Please output the data exactly, minus pictures.

§ **INPUT DATA**:

= = = = =

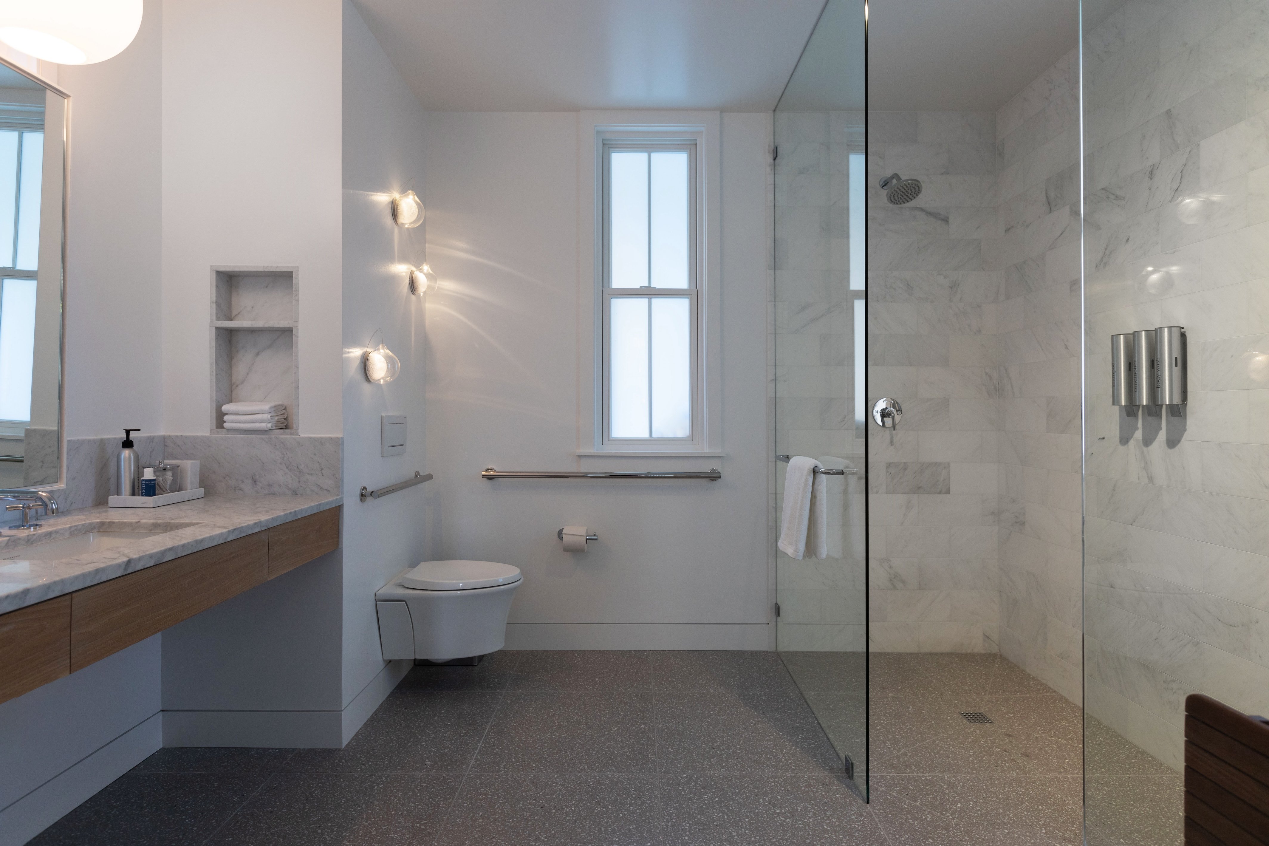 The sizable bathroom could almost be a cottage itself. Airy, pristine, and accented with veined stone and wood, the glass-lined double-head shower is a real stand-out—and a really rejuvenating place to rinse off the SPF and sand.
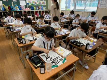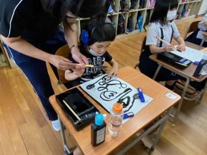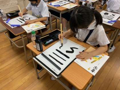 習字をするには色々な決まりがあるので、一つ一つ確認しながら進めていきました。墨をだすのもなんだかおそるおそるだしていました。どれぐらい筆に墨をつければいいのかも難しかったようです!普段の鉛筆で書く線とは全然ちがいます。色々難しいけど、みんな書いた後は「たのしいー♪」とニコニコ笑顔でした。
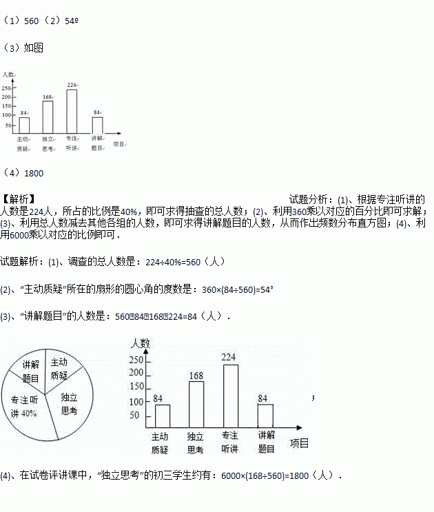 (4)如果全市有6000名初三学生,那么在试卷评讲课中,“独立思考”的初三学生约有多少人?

= = = = =

§ **SOLUTION FOR THIS TASK**:
 The sizable bathroom could almost be a cottage itself. Airy, pristine, and accented with veined stone and wood, the glass-lined double-head shower is a real stand-out—and a really rejuvenating place to rinse off the SPF and sand.
 習字をするには色々な決まりがあるので、一つ一つ確認しながら進めていきました。墨をだすのもなんだかおそるおそるだしていました。どれぐらい筆に墨をつければいいのかも難しかったようです!普段の鉛筆で書く線とは全然ちがいます。色々難しいけど、みんな書いた後は「たのしいー♪」とニコニコ笑顔でした。
 (4)如果全市有6000名初三学生,那么在试卷评讲课中,“独立思考”的初三学生约有多少人?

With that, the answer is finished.